Steven Tregay got together some great minds, and they asked themselves this question, “What are the tools and technology we need to move forward on new cancer drugs?” Tregay said.

Forma will try to locate new mechanisms for fighting cancer.  Because they knew the money was coming, they could do a lot of legwork in advance. “Often what happens with a Series A, one year later you are still sorting out space, hiring people, etc. But in our case, once the money came we were poised to work quickly.” The company quickly swelled to 65 people in three locations.

One company that did raise money from a traditional venture firm is Targ-Anox Inc. The company coalesced around technology discovered by Brigham and Women’s Hospital chief of medicine Joseph Loscalzo. Then it got a push by the Partners Innovation Fund.
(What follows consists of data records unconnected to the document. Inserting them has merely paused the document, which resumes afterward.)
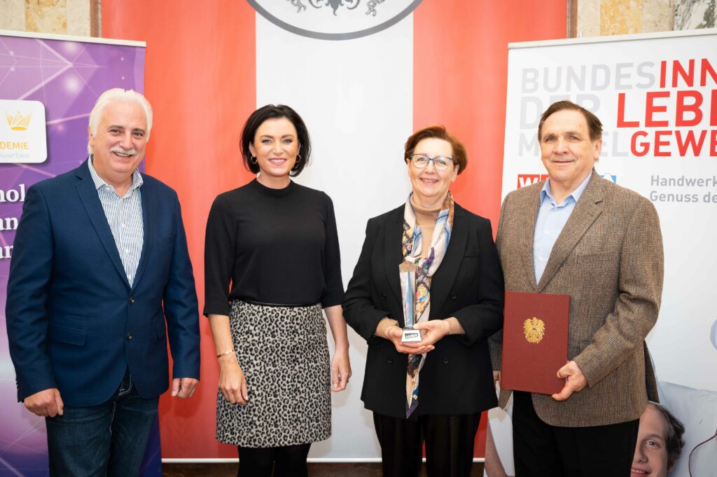 Den Besten der Besten wurde nun am 9. November 2021 eine besondere Ehre zuteil: Sie erhielten im Marmorsaal des Bundesministeriums für Landwirtschaft, Regionen und Tourismus von Bundesministerin Elisabeth Köstinger die Ehrenpreise überreicht. Um einen Ehrenpreis zu erwerben, muss ein Betrieb die ganze Breite des handwerklichen Könnens unter Beweis stellen: Es gilt, in allen Kategorien Goldauszeichnungen zu holen.
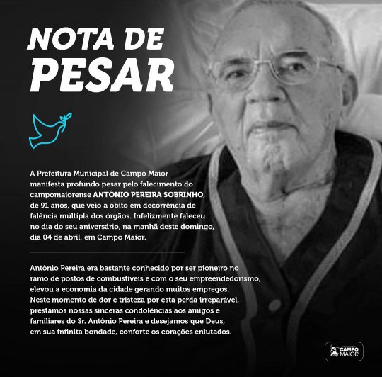 A Prefeitura de Campo Maior emitiu a nota de pesar, comunicando o falecimento do Sr. Antônio:
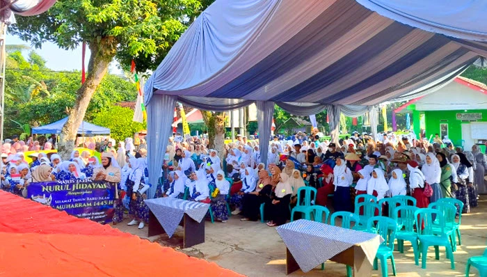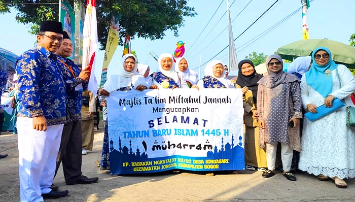 Kepala Desa Singasari Euis Sujana S.Ds bersama warga Desa Singasari memperingati 1 Muharram 1445 Hijriah dengan menggelar berbagai kegiatan dari pengajian, qasidahan, pawai taaruf, lomba tumpeng dan lain sebagainya yang di gelar di halaman Kantor Desa Singasari, Kecamatan Jonggol, Kabupaten Bogor pada Minggu, 23 Juli 2023.
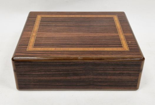 Some slight surface scratching to the veneered box, there is some slight flaking to the varnish/some small drips which have caused some surface flaking to varnish, the hygrometre has some wear and deterioration to gilt metal surface at the edges (it may not be functioning), the cigar cutter action is functioning, leather pouch is ok.
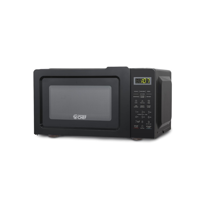 COMMERCIAL CHEF 0.7 Cubic Foot Microwave with 10 Power Levels, Small Microwave with Pull Handle, 700W Countertop Microwave up to 99 Minute Timer and Digital Display, Black
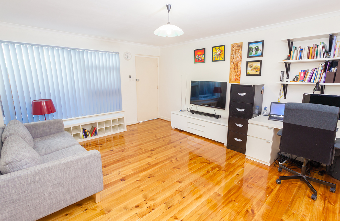 - A spacious living area that flows through to the kitchen
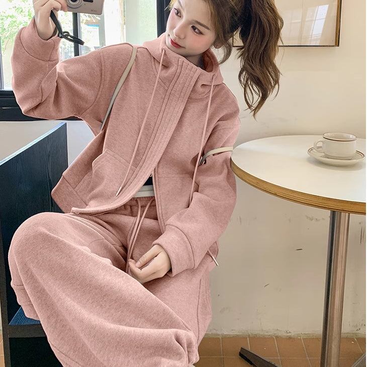 スウェットセットアップ レディース 韓国 ファッション ジップパーカー ワイドパンツ パステルパーカー ダブルジップ ジャケット 上下2点セット

Managing partner Roger Kitterman committed a mere $250,000 to TargAnox, but that was enough to prompt Ascent Biomedical Ventures to kick in the rest of the $5.1 million round, which launched the company on March 30.

Kitterman said that in order to make the money last for three years, they won’t hire a CEO until the next funding round. The technology targets oxidative stress, which figures in auto-immune diseases, and diabetes. The upside of the recession is that some resources, like real estate, have become cheaper. “I’m a firm believer that you’re in the environment you’re in and you just deal with it,” Kitterman said.